# Word of the Week 10 - Auction Week 2015



## SENC (Feb 28, 2015)

I'm getting a little jump on the word for week 10, so as not to detract from Sunday's auction close. In honor of the event, though, this thread will be a little different. This thread will provide a list of synonyms for Winners and Losers... feel free to add to the lists. I hope to see lots of these used in sentences tomorrow evening.

Winner-
champ
conqueror
dominator
el conquistador
frontrunner
henry
hero
high bidder
maestro
master
number one
numero uno
paladin
subjugator
the greatest
titleholder
titlist
vanquisher
victor
worldbeater

Loser-
also-ran
barry
bomb
bungler
bust
catastrophe
cody
colin
dan
deadbeat
dud
failure
flop
greg
has-been
keller
kevin
lemon
low bidder
might-have-been
punching bag
scott
tom
tony
turkey
washout
wretch
zane

Have fun tomorrow, all!

Reactions: Like 2 | Great Post 1 | Funny 4


----------



## Schroedc (Feb 28, 2015)

After Sunday they'll just refer to me as El Conquistador.
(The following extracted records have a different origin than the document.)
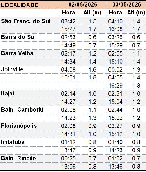 Tabela 1 – Maré astronômica prevista pela Epagri.
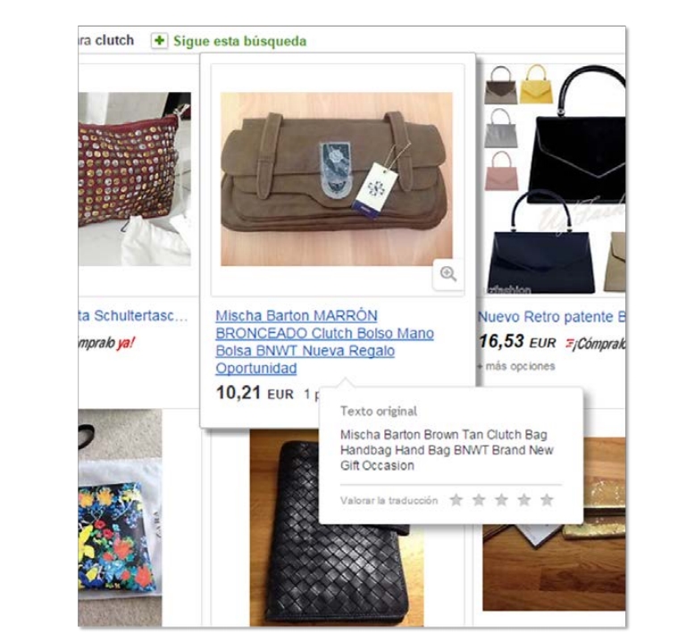 eMT 기능 중 일부는 구매자 검색어와 상품 타이틀을 병행해 번역한다. 예를 들어 구매자가 검색창에서 스페인어 키워드를 입력하면 eMT 스페인어 쿼리를 영어로 재빨리 번역하고 번역된 쿼리와 영어 상품명 관련성에 따라 검색 결과를 페이지에 스페인어로 변역해 표시한다. 스페인권인 라틴아메리카에서 구매자에게는 마치 스페인어 웹사이트를 방문해 스페인어로 검색하고 검색 결과에 스페인어 제목이 표시되는 것처럼 지역화된 웹사이트를 운영할 수 있다.
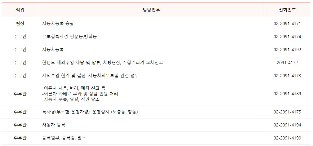 자동차등록팀 업무에 대한 민원이 필요하신 경우 담당자별 전화번호를 남겨드리니 쉽게 확인하시길 바랍니다.
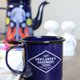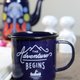 深蓝色的杯身,正反面有着不同的图案,把手有着蓝色线条点缀,加上杯子底部的指南针图案,更显得这个杯子与众不同。

Reactions: Like 1 | Funny 2


----------



## manbuckwal (Feb 28, 2015)

SENC said:


> I'm getting a little jump on the word for week 10, so as not to detract from Sunday's auction close. In honor of the event, though, this thread will be a little different. This thread will provide a list of synonyms for Winners and Losers... feel free to add to the lists. I hope to see lots of these used in sentences tomorrow evening.
> 
> Winner-
> champ
> ...

Reactions: Funny 1


----------



## Tony (Feb 28, 2015)

In the interest of sucking up to The Boss and for selfish reasons, I am going to refer to the winners as Kevins and Tonys.


----------



## SENC (Mar 1, 2015)

Tony said:


> In the interest of sucking up to The Boss and for selfish reasons, I am going to refer to the winners as Kevins and Tonys.

Reactions: Funny 2


----------



## Kevin (Mar 1, 2015)

I have no idea who will be the _winner_ of any particluar auction today but I hope _Kevin _is _high bidder _and thus the_ champ_ of at least one. El Guapo considers himself _El Conquistador_ primo! But he's the _greatest titleholder_ of El Apron Man! Hey Guapo dude when given a _lemon _make lemonade - at least she's pretty and can cook. No wait, you do that.

My Shiloh Shepherd sire _Maestro _loves me because I am a good _master_, but I have a feeling if I ever meet some of the members in person I will be a _punching bag _for being such a _wretch _with my non-stop joking. I'm no ones _hero _that's for sure but at least I'm not as much of a _Tony _as _Henry_. He better _washout _too because if he doesn't start _bidding _he'll be nothing but another _also-ran_ which would be a _catastrophe _for his fragile "I'm _numero uno!_" ego.

Henry ain't got nothin on _Keller_. This _turkey _is actually a felon incarcerated in Ft. Leavenworth who reads _Zane Grey_ novels all day and poses as the _paladin _of bone men during his 20 minutes of internet privileges per day. Oh he's a _worldbeater _bone man alright. He was the _number one_ illegal importer of black market dinosaur skulls until his whole empire became the target of an FBI _bust_. What a _loser_.

But watch out for _Cody _the _Conqueror_ aka the _Low-Bidder Beater _aka_ Victor _of the _Deadbeat Might-Have-Been _Bidders. He usually hides in wait and snipes at the last minute. Cody is the _subjugator_ of any bidding _bungler_.

_Dan _the _has-been_ lies so low no one really knows who he is. Rumor has it he was _frontrunner _as _titlist _for the _highest bid_ ever made during a WB auction, but that may turn out to be a _dud _ of a rumor.

One thing's for certain; _Tom_ the _Vanquisher _of California Forest Fires is no _failure _when it comes to radioing in the coordinates for a water _bomb_. He can _flop _on a fire and snuff it out faster and than Maurius The _Dominator _Pudzianowski can break a leprechaun in half.

_ Scott, _can you believe I forgot to mention _Greg?

_
My assignment for the day is done. You jacklegs better get busy.

Reactions: Great Post 2 | Funny 2 | Informative 1


----------



## jmurray (Mar 1, 2015)

"At least I'm not as much of a Tony as Henry". Thats pretty funny

Reactions: Thank You! 1


----------



## Tony (Mar 1, 2015)

Even I have to agree with Josh, that was pretty good! How long did you work on that @Kevin ???? I bet your head is about to split!


----------



## Kevin (Mar 1, 2015)

Tony said:


> How long did you work on that @Kevin ???? I bet your head is about to split!



I spent between 10 to 15 minutes on it last night in OpenOffice. I wrote it between movies so every few minutes my wife would remind me we were gonna watch one more movie so she rushed me lol.

I thought it was pretty lame except for the tony/henry remark that was funny..


----------